If someone can check that my attempt is correct, I would really appreciate it.

$a_1=0$ since we cannot have just $0$ or just $1$ as there will be no adjacent of the same type

$a_2=2$: either $00$ or $11$

$a_3=2$: either $000$ or $111$

$a_4=4$:

Reasoning:

$\textbf{If we start with a $0$}$: For the second entry we have $1$ choice as we are forced to put a $0$ since we started with a $0$. For the third entry we have $2$ choices, and similarly for the fourth entry we have $1$ choice. So there are $2$ such strings.

$\textbf{If we start with a $1$}$: For the second entry we are forced to put a $1$. For the third entry we have $2$ choices, and for the fourth entry we have $1$ choice. So there are $2$ such strings.

So $a_4=2+2=4$ strings.

Following the same method for the remaining:

$a_5=4$

$a_6=8$

$a_7=8$

$\textbf{(b) Find the recurrence relation for $a_n$}$

$$a_n= \begin{cases} 2a_{n-2}&n \text{ even},\\ a_{n-1}&n \text{ odd} \end{cases}$$

Answer 1

Your argument seems wrong to me. In particular the following part.

If we start with a $0$: For the second entry we have one choice as we are forced to put a $0$ since we started with a $0$. For the third entry we have two choices, and similarly for the fourth entry we have one choice.

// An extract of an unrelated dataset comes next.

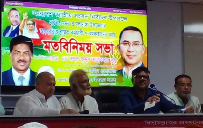 বৃহস্পতিবার সকালে শহরের আলাইপুরে নাটোর বিএনপির কার্যালয়ে নাটোর সদর ও নলডাঙ্গা উপজেলার অবসরপ্রাপ্ত ব্যাংকার ও শ্রমিক-কর্মচারীদের নিয়ে আয়োজিত নির্বাচনী সভায় প্রধান অতিথির বক্তব্যে দুলু এসব কথা বলেন। স্থানীয় বিএনপি নেতা সাইফুল ইসলাম পলাশের সভাপতিত্বে সভায় আরো বক্তব্য রাখেন, নাটোর জেলা বিএনপির আহবায়ক রহিম নেওয়াজ, যুগ্ম সম্পাদক সাইফুল ইসলাম আফতাব, মোস্তাফিজুর রহমান শাহিন, সদস্য শহিদুল ইসলাম বাচ্চু, নাটোর পৌরসভার সাবেক মেয়র কাজী শাহ আলম, সাবেক যুগ্ম আহবায়ক ফরহাদ আলী দেওয়ান শাহিন, জেলা যুবদল সভাপতি এ হাই তালুকদার ডালিম, জেলা শ্রমিক দলের সভাপতি আবু রায়হান ভুলু, শ্রমিক নেতা আব্দুর রশিদ সরকার, সাবেক সিবিএ নেতা হাবিবুল ইসলাম হেলাল এবং ব্যাংকার খোরশেদ আলম ও আবুল কাশেম প্রমুখ।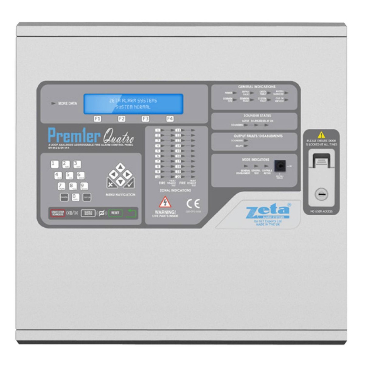 A Premier Quatro é a nova central de alarme de incêndio endereçável com até 4 loops da Zeta Alarm Systems. Versão de 4 loops.

That last sentence seems to be true for $n=4$, but not in general for $n>4$. In this case it is only true if you choose $1$ for the third entry, but if you've chosen $0$ then you have two choices.

That analogous happens in the case where you start with $1$.

For the recurrence relation I think the following should work. For any $m$ let $b_m$ and $c_m$ denote respectively the strings of the desired form that start with a $0$ and with a $1$ repectively. Note that $b_m=c_m=a_m/2$. So this is all a bit silly, but let's do it for the sake of keeping the argument clear.

Let's fix $n\geq 3$. I'll calculate $b_n$ in terms on $c_m$ for $m<n$.

How many strings are there that have $0< s < n$ zeroes in a row before having a one? As you've noted if $s=1$ then the answer is zero strings. For $s\geq 2$ then observe that the answer is $c_{n-s}$.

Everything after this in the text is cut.